Lung function tests, performed each time your child visits the doctor, measure how much and how quickly air is inhaled and exhaled from the lungs. The doctor may administer this test after giving your child a dose of albuterol, a medication that opens up the airways. This can help to determine if there is a blockage in the lungs that can be treated with medication.
Other lung tests measure the amount of oxygen in the lungs and in the blood, which is an additional way to see if mucus in the airways is interfering with breathing and the absorption of oxygen.
Children with more advanced cystic fibrosis are often susceptible to infection with a certain type of bacteria, Pseudomonas aeruginosa, which can increase inflammation in the airways and worsen lung function. Doctors at our Pediatric Cystic Fibrosis Center regularly test mucus from the upper airway for the presence of this bacterium. If Pseudomonas is found, our doctors prescribe inhaled antibiotics to eliminate the bacteria and improve lung function.

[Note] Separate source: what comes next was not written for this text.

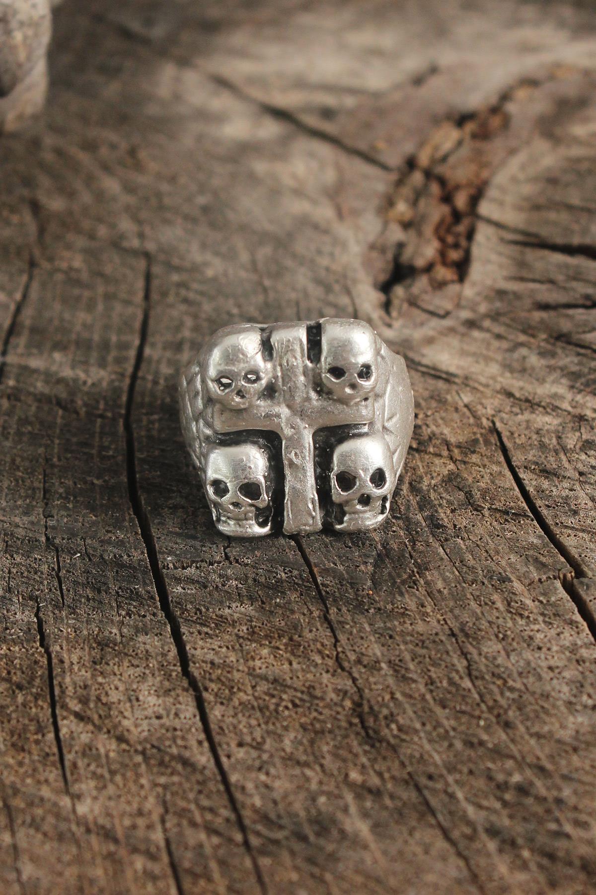Antik Gümüş Renk Haç Kuru Kafa İşleme Ayarlanabilir Erkek Yüzük

Many children with cystic fibrosis have a chronic cough. If the cough worsens, or the child develops other symptoms, such as an increase in mucus or shortness of breath, an NYU Langone pulmonologist may order a chest X-ray to look for signs of inflammation, infection, and other complications. Sinus X-rays may be used to diagnose sinusitis, another common complication of cystic fibrosis in which the sinuses are repeatedly infected with bacteria.